It's just the equivalent of an XSD. A lot of people use XML without an XSD. I
think it's perfectly fine to not use JSON schema if you don't want to, but
having it gives you an easy path toward validating user-generated JSON. It's a
nice-to-have.

------
harveywi
The Vega Visualization Grammar [1] is encoded using JSON Schema. However, I
think there are some bugs in the grammar that can be attributed to the (IMHO)
clumsiness of JSON schema.

If you are looking for a good JSON editor that respects JSON schema to compare
with your implementation, try Visual Studio Code [2].

[1] [http://vega.github.io/](http://vega.github.io/)

[2]
[https://code.visualstudio.com/download](https://code.visualstudio.com/download)

------
slang800
I've used it for a few small tools and love it. I started out just writing
schemas for testing the format of JSON generated by tools or pulled from an
API, but you can do so much more... like using it to generate documentation or
even [create
forms]([https://github.com/joshfire/jsonform](https://github.com/joshfire/jsonform)).

------
afarrell
We're using it at GoCardless to generate reference docs for our recurring
payments API.
[https://developer.gocardless.com/2015-07-06/#overview](https://developer.gocardless.com/2015-07-06/#overview)

------
avian
A while back I wrote jsonmerge, a Python library for merging series of JSON
documents. The syntax it uses for specifying merging rules is based on JSON
schema:

[https://pypi.python.org/pypi/jsonmerge](https://pypi.python.org/pypi/jsonmerge)

Blog post with some background:

[https://www.tablix.org/~avian/blog/archives/2014/08/jsonmerg...](https://www.tablix.org/~avian/blog/archives/2014/08/jsonmerge/)

------
zwerdlds
We are using it at my current place of work with
[https://github.com/jdorn/json-editor](https://github.com/jdorn/json-editor)
to generate simple administrative UIs for backing configurations for non-
technical users.

It's not a fantastic UX but it works and it's fast to develop.

The docs are sparse but for my money the format is relatively intuitive.

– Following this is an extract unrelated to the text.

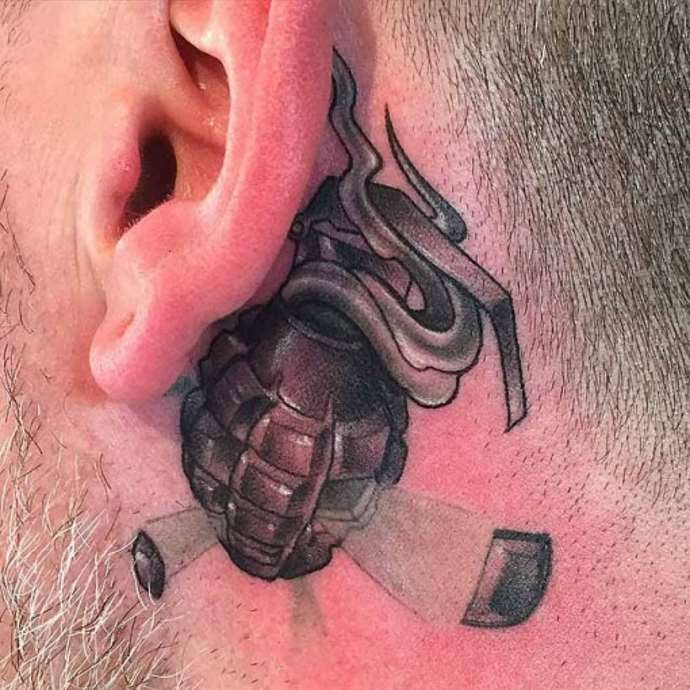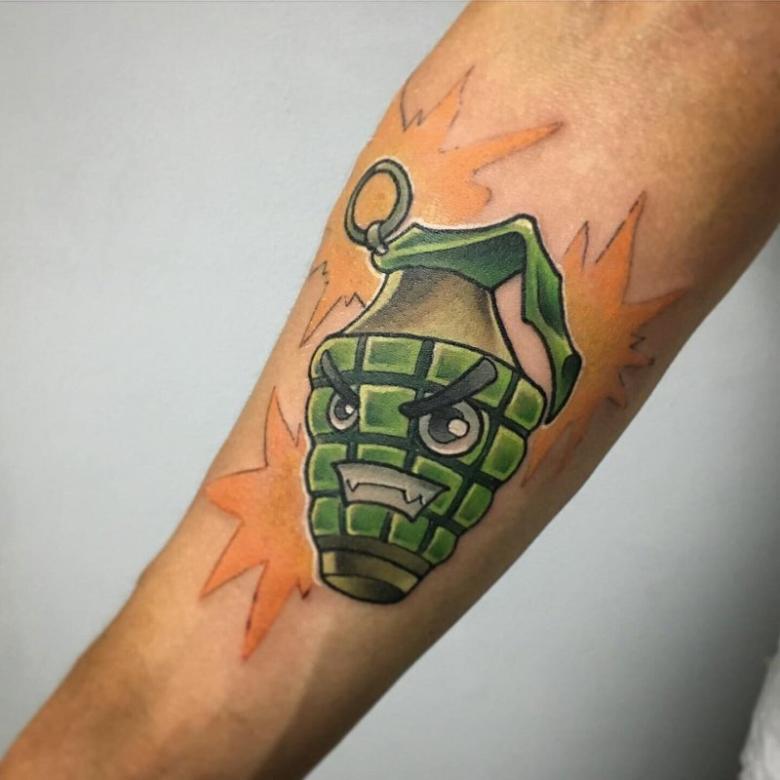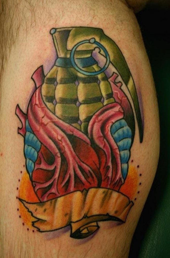 Il tatuaggio della granata è una rappresentazione simbolica dell'impatto che può essere inflitto a un avversario e della sua tecnica. Anche se le munizioni stesse sono in uso dall'inizio del XV secolo, i tatuaggi che le raffigurano sono diventati popolari relativamente di recente.

I'd
prefer to be using XML/XSL/XSLT as they are FAR more powerful, but that's just
what you get with JSON.

------
joshwa
At a previous job (huge enterprise dev org of 1000+ devs, many many siloed
teams) we used it for client-side validation of rest service calls.. it was a
really easy way of detecting missing/bad data from upstream systems and
handling it appropriately.

It was also great for contract testing in CI of other teams' services (warning
us if they slipped some breaking change into the build).

------
alyeulra
We are using it in production for more than a year. Primarily to define schema
for jobs that process terabytes of data on cloud, on-demand.

------
chrisconroy
We adopted it in the SpeedTracer chrome plugin a while back. We were very
happy with the results then. Though, for the stuff I've been working with
lately most JSON APIs are defined by protos, and we just bridge with
JsonFormat/ProtoTypeAdapter

------
PaulHoule
Json-LD is getting training traction here and there.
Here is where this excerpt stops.